# Replace and/or fix this paring knife?



## elana (Jun 18, 2019)

I don't let people touch my good knives. I have this Chefmate paring knife that I like, but I don't consider it a good kinfe. I'm not sure where I got it (could have bought it at a store or it could have come from an old roommate in college lol). Well some friends were over cooking at some point in the past 6 months and somebody must have decided to use it to open a can or something and bent the tip:

https://photos.app.goo.gl/SXbVjAYZAXRkrYGD7

I tried to use pliers to straighten it out but you can see it's still bent. Shortly after "the incident", I decided to buy a set of cheap knives from Ikea and now nobody is allowed to touch a knife that doesn't say "Ikea" on it.

I wanted to buy a better paring knife anyway, but I like the profile of this one. I like the straight edge w/ the straight angled tip, and I really like the heft in the handle. Any suggestions on similar paring knives? Budget up to $100 for a good one but prefer less. Looking only for stainless.

Also if anyone knows a way to properly fix this one, please let me know.


----------



## osakajoe (Jun 18, 2019)

To fix a bent tip you need to file/grind it off. Then resharpen your life choices, er I mean knife. 

If looking to replace, Kasumi paring knife? Probably still over the budget but only one that comes to my mind with a flat profile


----------



## Brontes (Jun 18, 2019)

The profile is not exact, though I think these paring knives tick off some the boxes. I own multiple of the 2 3/4" knives. Great for in hand paring.

https://www.thebestthings.com/knives/sabatier_nogent.htm


----------



## SeattleBen (Jun 18, 2019)

Not dead flat looking like what you had but the JKI paring knives are about as cheap as they get and I'm sure that if Jon's selling them they're good.

https://www.japaneseknifeimports.com/products/gesshin-120mm-paring-knife


----------



## elana (Jun 18, 2019)

I found the Kasumi on Amazon and it's beyond my budget. But Amazon then had this Shun in a list of similar items.
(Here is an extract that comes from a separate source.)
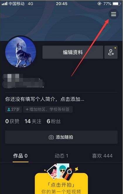 1、首先打开抖音app,然后点击右下角“我”,进入个人页面后点击右上角的图标。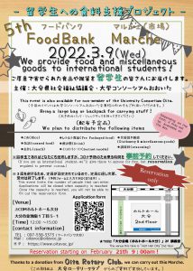 令和4年2月16日(水)12時00分から、J:COM ホルトホール大分2F「講義室」で開催することを予定しておりました留学生への食糧支援の取組「第5回フードバンクマルシェ」は、新型コロナウイルス感染症拡大の状況を鑑み、令和4年3月9日(水)に日程を変更することとなりました。

Thoughts? 


https://www.amazon.com/gp/aw/d/B00QU8GL6S/ref=psdcmw_289859_t3_B000RI9OHU




osakajoe said:


> To fix a bent tip you need to file/grind it off. Then resharpen your life choices, er I mean knife.
> 
> If looking to replace, Kasumi paring knife? Probably still over the budget but only one that comes to my mind with a flat profile


----------



## GorillaGrunt (Jun 19, 2019)

Henckels makes a sheepsfoot paring knife, they call it “kudamono.” I believe there is a Miyabi version too, maybe in a better steel and thinner. Flat profile although the tip isn’t pointy. I have the Henckels and full disclosure, don’t use it at all. I’ve also seen one with exactly the blade shape of yours in an old Chicago Cutlery set or similar.


----------



## osakajoe (Jun 19, 2019)

Kudamono means fruit in Japanese, so they probably mean fruit knife


----------



## elana (Jun 19, 2019)

Someone I know pointed me to the miyabi kaizen kudamono which I was also considering, but like you said it doesn't have a pointy tip. Not a big deal, I don't think. It's VG-10 steel which is fine for me. Not sure how it compares to the Shun I listed above, which is cheaper. 
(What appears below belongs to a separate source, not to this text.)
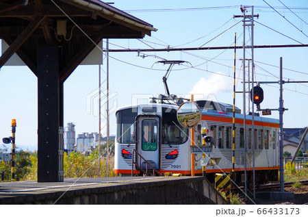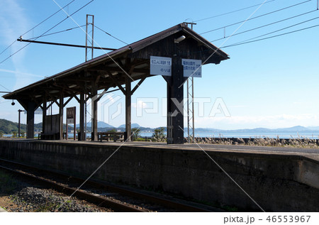 宍道湖沿線の国道沿いを走る一畑電車のレトロな駅のホーム … 島根県 松江市(快晴)

https://www.zwilling.com/us/miyabi-kaizen-3.5-inch-kudamono-paring-knife/34181-093.html



GorillaGrunt said:


> Henckels makes a sheepsfoot paring knife, they call it “kudamono.” I believe there is a Miyabi version too, maybe in a better steel and thinner. Flat profile although the tip isn’t pointy. I have the Henckels and full disclosure, don’t use it at all. I’ve also seen one with exactly the blade shape of yours in an old Chicago Cutlery set or similar.


----------



## GeneH (Aug 18, 2019)

I grind mine off when that happens. But then again that’s the hobby/obsession component of the knives I have.


----------



## Benuser (Aug 18, 2019)

Have done it only with soft carbons, but to a certain degree putting in a vice helped with bended or warped blades.


----------